Duyusal entegrasyon işlevlerinin çeşitli ölçümlerini içeren onlarca yıllık araştırma (Ayres, 1989; Mulligan, 1998; Parham ve Mailloux, 2005), her çalışmada ortaya çıkan çeşitli duyusal entegrasyon bozuklukları modellerini ortaya çıkarmıştır. Bu duyusal entegrasyon modelleri, ayrı sorunlar olarak veya diğer duyu bütünleme kalıplarıyla birlikte ortaya çıkabilir. Ayrıca, duyu bütünleme eksiklikleri, halihazırda başka eğitimsel veya tıbbi tanıları olan çocuklarda ve ayrıca bilinen başka bozuklukları olmayan çocuklarda sıklıkla tanımlanır. Duyusal bütünleme problemlerinin meydana gelme yolları aralığında, çeşitli problem alt kümelerinin oyunu nasıl etkileyebileceği konusunda çok fazla örtüşme vardır. Açıklama amacıyla, en yaygın duyu bütünleme bozukluklarından bazıları, oyun davranışını etkileyebilecekleri yollarla ilgili olarak burada ayrı ayrı tartışılacaktır.

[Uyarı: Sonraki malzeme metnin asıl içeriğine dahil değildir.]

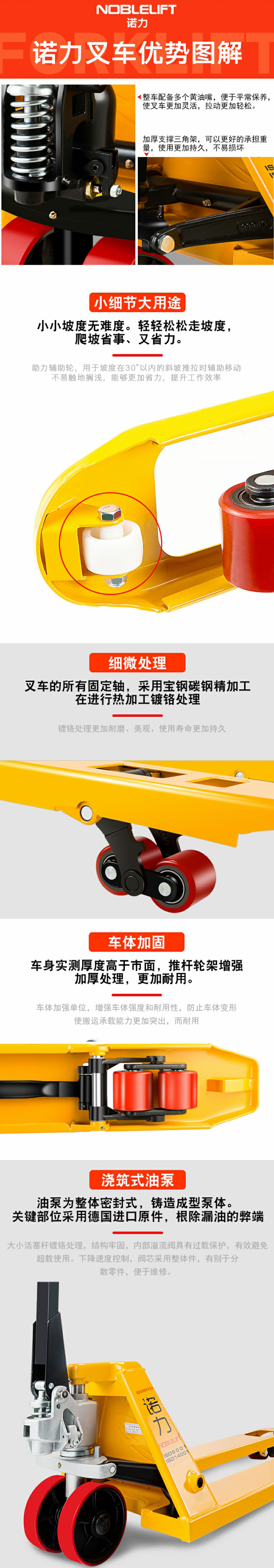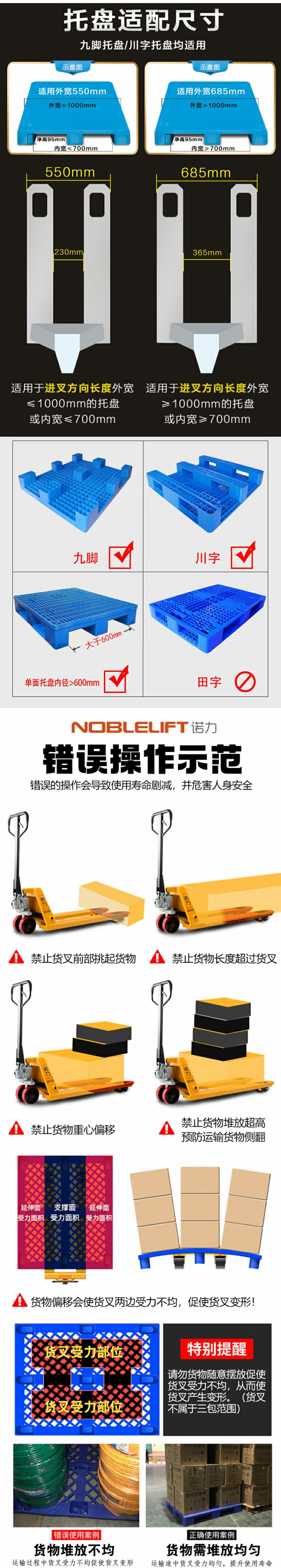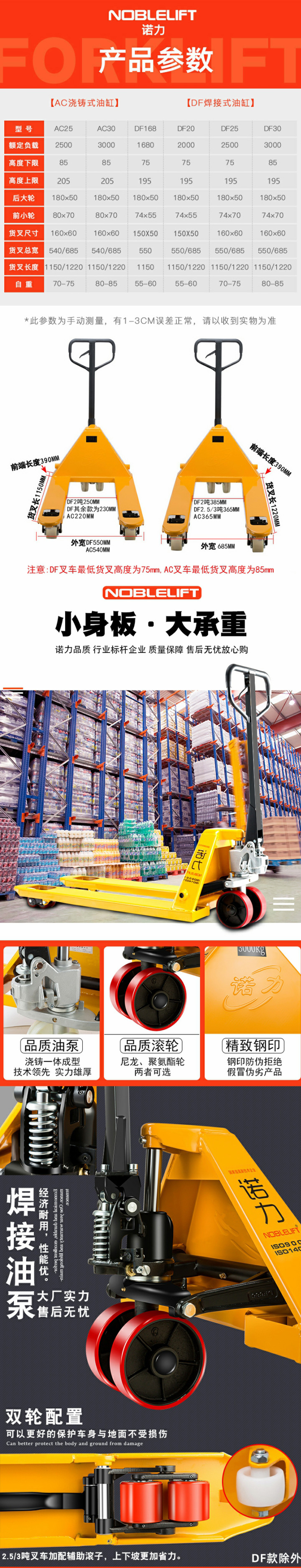 液壓手動(dong)搬運車 标準尺(chi)寸分寬車和窄(zhǎi)車,寬車685*1200mm,窄車 540*1150mm。一(yi)般來講,标準的(de)👉有2.0t-2.5噸-3.0t-5.0t,這4種載重(zhòng)量。國标的托盤(pan)高度一般在100mm,所(suo)以👅國标的手動(dong)液壓搬運車低(dī)高度當然在這(zhè)之下。一般的手(shǒu)動液壓搬運車(chē)🤟放到低點的時(shi)💜候高度是85mm、75mm兩種(zhǒng)。

Duyusal Modülasyondaki Problemler


Erken faktör analizlerinde (1964, 1965, 1966a, 1966b, 1969, 1971) ve duyu bütünleme teorisi üzerine ilk yazılarında (1972), Ayres, "dokunsal savunmacılık" ve "yerçekimi güvensizliği." “Duyusal defansiflik” ve “duyusal modülasyon bozuklukları” terimleri, duyulara karşı alışılmadık şekilde artan, azalan veya dalgalanan tepkileri tanımlar (Lane, 2002; Parham & Mailloux, 2005).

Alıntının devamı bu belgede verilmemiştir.